▶ [Entries supplied]
************
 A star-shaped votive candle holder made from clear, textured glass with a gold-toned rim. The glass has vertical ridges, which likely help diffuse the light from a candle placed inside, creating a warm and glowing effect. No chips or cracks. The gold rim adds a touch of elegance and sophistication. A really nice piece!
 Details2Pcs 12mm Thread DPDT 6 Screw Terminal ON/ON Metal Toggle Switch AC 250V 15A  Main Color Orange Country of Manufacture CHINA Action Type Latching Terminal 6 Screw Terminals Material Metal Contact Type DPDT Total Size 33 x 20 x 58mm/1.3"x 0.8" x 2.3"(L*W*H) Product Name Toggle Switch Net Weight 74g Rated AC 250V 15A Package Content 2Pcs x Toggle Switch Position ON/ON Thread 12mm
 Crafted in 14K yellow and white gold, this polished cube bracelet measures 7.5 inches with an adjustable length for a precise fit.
************
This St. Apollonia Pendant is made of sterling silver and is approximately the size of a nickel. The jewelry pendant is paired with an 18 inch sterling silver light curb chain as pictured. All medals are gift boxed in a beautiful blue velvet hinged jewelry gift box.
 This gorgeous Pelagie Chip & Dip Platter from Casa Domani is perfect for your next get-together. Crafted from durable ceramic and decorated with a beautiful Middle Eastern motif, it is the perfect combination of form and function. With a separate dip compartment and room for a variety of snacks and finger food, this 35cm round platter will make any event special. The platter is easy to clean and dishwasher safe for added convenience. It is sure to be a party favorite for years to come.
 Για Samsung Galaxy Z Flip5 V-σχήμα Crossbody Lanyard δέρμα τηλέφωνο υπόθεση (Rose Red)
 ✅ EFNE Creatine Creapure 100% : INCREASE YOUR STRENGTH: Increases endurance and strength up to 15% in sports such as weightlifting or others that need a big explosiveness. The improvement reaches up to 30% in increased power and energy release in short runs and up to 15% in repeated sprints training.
************
▶ [Problem description]
With the line holding "This St. Apollonia" as the first and the line holding "Για Samsung Galaxy" as the last, set down that range of the entries above exactly, and nothing else.

▶ [Task solution]
This St. Apollonia Pendant is made of sterling silver and is approximately the size of a nickel. The jewelry pendant is paired with an 18 inch sterling silver light curb chain as pictured. All medals are gift boxed in a beautiful blue velvet hinged jewelry gift box.
 This gorgeous Pelagie Chip & Dip Platter from Casa Domani is perfect for your next get-together. Crafted from durable ceramic and decorated with a beautiful Middle Eastern motif, it is the perfect combination of form and function. With a separate dip compartment and room for a variety of snacks and finger food, this 35cm round platter will make any event special. The platter is easy to clean and dishwasher safe for added convenience. It is sure to be a party favorite for years to come.
 Για Samsung Galaxy Z Flip5 V-σχήμα Crossbody Lanyard δέρμα τηλέφωνο υπόθεση (Rose Red)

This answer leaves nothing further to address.